My First Week as a Nomad

My first six days as a Nomad were interesting, fun, and sometimes frustrating.  In many ways it feels more like a vacation rather than a lifestyle change.  It is relaxing and interesting, and sometimes not at all what is planned.  If I can experience all this in six days, I can’t imagine what the future will bring.

On Monday we left Port Huron, Michigan and traveled to Sault Ste. Marie, Ontario, Canada.  Our original plan was to stay only two nights, but after reviewing travel information about the surrounding area decided to extend our stay to a total of four days.

On Tuesday we visited the Bush Pilot Heritage Centre in Sault Ste.

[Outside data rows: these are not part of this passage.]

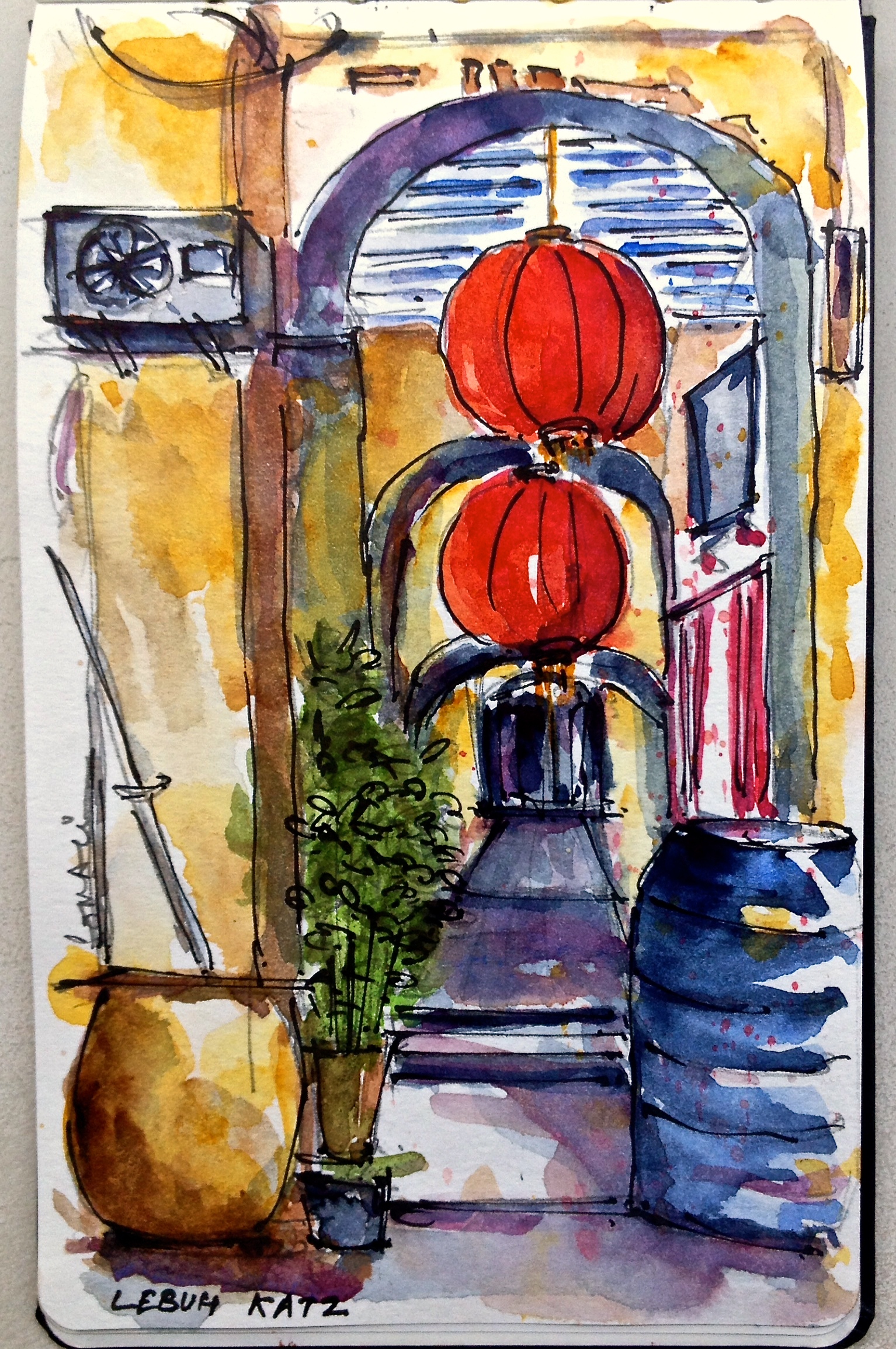 Impression 13 : If you’re sketching on the road, keep your privacy tucked away in the backpocket because you’ll attract people like flies to a candy. And your work of course is open to unsolicited criticism. On this single occasion of sketching   shophouses along Jalan Penang, I had an Indian migrant worker at my elbow the entire time, three families and a group of girls lingered and quietly took overhead shots. An elderly gentleman stopped by and said, ‘If this was up for judging , I would give you first prize”. I took off my oversized sunglasses and gave him a genuine smile. The smile was wiped off by the Korean tourist who requested for a photo of me with my sketch and kept me hanging while she fixed her lens and cleaned it before the shot.
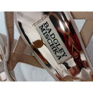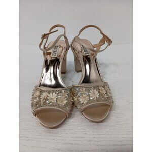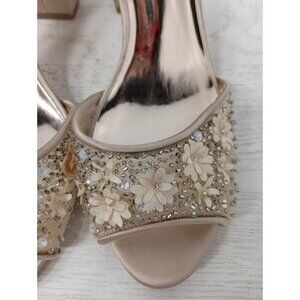 Chic nude heels with floral details. Features block heel and ankle strap. Ideal for elegant events.
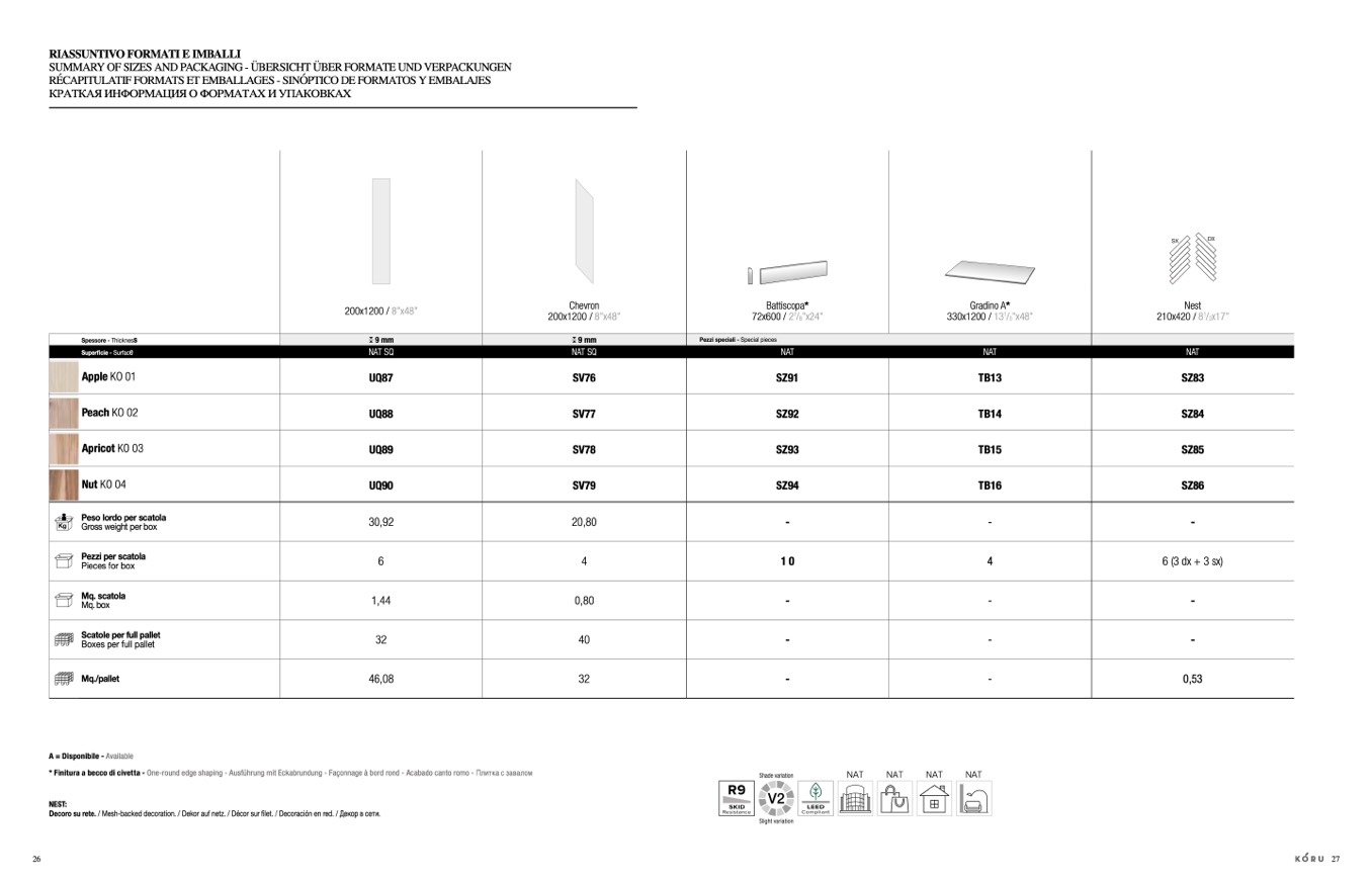 * Finitura a becco di civetta - One-round edge shaping - Ausführung mit Eckabrundung - Façonnage
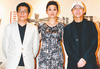 《唐山大地震》导演冯小刚(右起)、徐帆及王中军昨天出席首映会。(图片来源:台湾“联合报”)
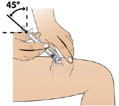 Ta forsiktig tak med den ene hånden rundt det rengjorte området av huden og hold godt fast. Hold sprøyten (som en blyant) med den andre hånden i en vinkel på 45 grader i forhold til huden.
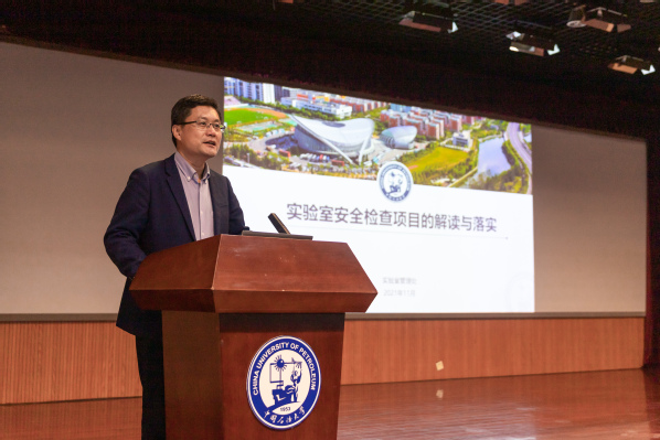 会议邀请教育部实验室安全检查专家、中国矿业大学实验室与设备管理处处长吴祝武做题为“高校实验室安全治理体系和治理能力双提升的探索与实践”的报告,报告从安全生产新形势、实验室安全新要求、问题隐患新特点等多个角度进行阐释,并分享了中国矿业大学在实验室安全管理方面的实践。我校实验室管理处副处长成宏涛做题为“实验室安全检查项目的解读与落实”的报告,结合学校实验室督导检查情况,从标准化、科学化、规范化管理的视角详细解读高校实验室安全检查项目表。
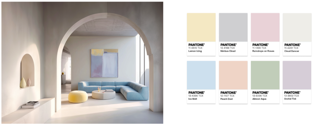 Los tonos pastel y neutros combinan perfectamente con Cloud Dancer, ofreciendo sutiles cambios de tonalidad matizados, agradables y discretos. Esta paleta irradia suavidad y ligereza.

Marie.  Paul was a bush pilot when he lived in Owen Sound, Ontario as a teen so this was on his “hit list.”  The museum was interesting, with several planes on display inside the hanger where the museum is located.  We viewed two movies, the first was an “on board” experience with a bush pilot, and of course took the rider through a series of mistakes and mishaps that can happen on a plane, including an unexpected storm, dozing off with the plan on autopilot, and more.  The second movie was in 3D and took you into the heart of fighting forest fires.  You experienced time in flight with the commander of the entire firefighting operation, in flight with a pilot doing water drops, and on land with a ground firefighting crew.  Both movies are well worth the time it takes to view them.

A small town about four hours northwest of Sault Ste. Marie is the home of Winnie-the-Pooh, and houses a statue of Winnie, as well as a Winnie-the-Pooh and Railroad Museum.  I wanted to go there so a day trip was planned.  Part of the trip goes along the shore of Lake Superior, and we figured we would find photo ops along the way.  A visitor guide worker had told us about an off-road trail on that stretch which Paul wanted to check out.  We didn’t locate the trail she used, but did access a logging trail, which about 20 minutes in we decided was not offering any photo ops so turned around and continued on our journey.

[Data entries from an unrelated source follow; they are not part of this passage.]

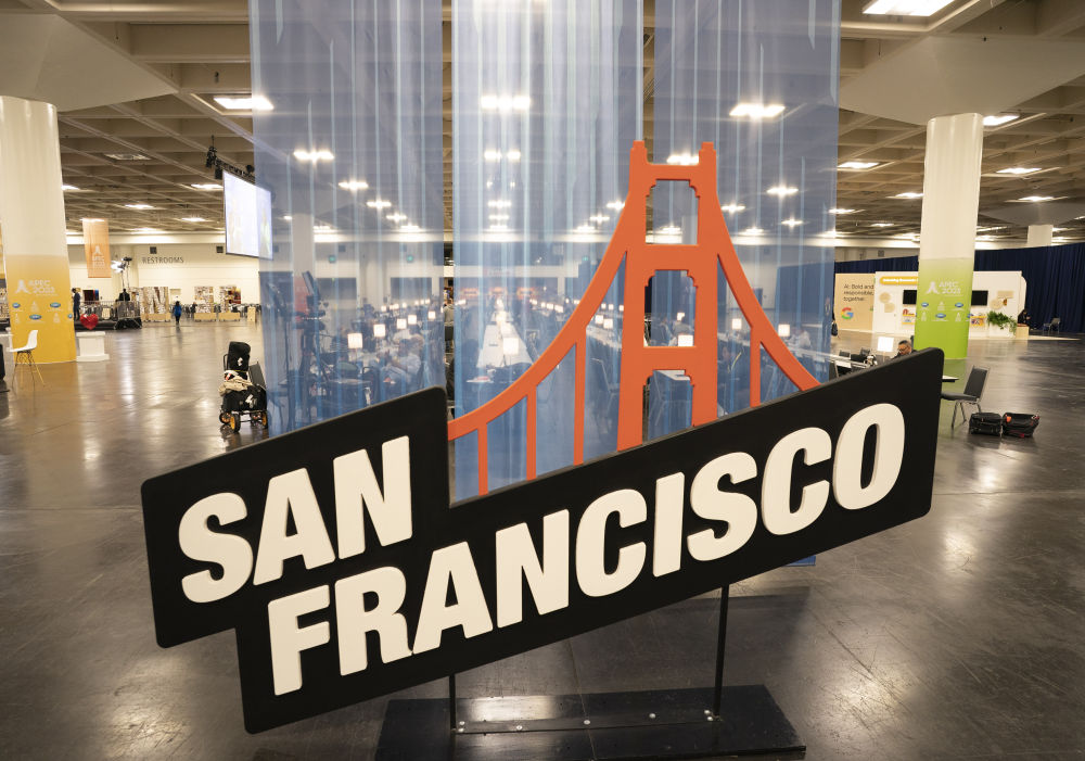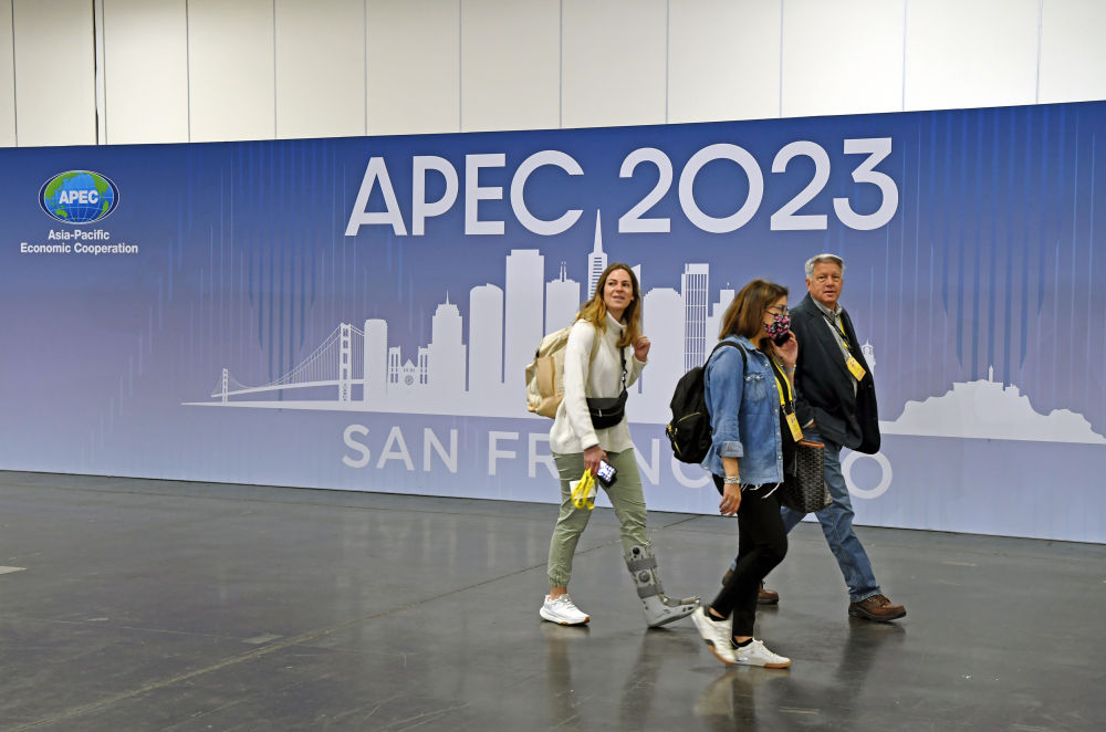 2023年11月12日,在美国旧金山,记者经过2023年亚太经合组织会议国际媒体中心内的一幅海报。
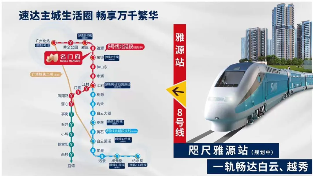 地铁沿线,步行5分钟直达地铁8号线雅源,往北四站接驳广州北站TOD实现空铁联动,往南直达越秀纪念堂站真正享受一小时生活圈
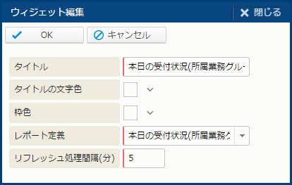 | リフレッシュ処理間隔(分) | ウィジェットを自動的にリフレッシュする間隔。初期値は、5 (分)。 |

We did find a couple spots to stop and take photographs of Lake Superior, and a small rapids and river we walked in and photographed.  It was interesting that this entire route had very few towns, gas stations, or any other type of business or rest area to stop at.    So scarce they were practically non-existent.  We saw a rest area/visitor center which made a good stop for a few minutes.  They had a small gift shop where Paul decided to pick up a couple energy bars to tie us over until lunch, which we planned to eat in White River.  That purchase turned out to be a very good decision.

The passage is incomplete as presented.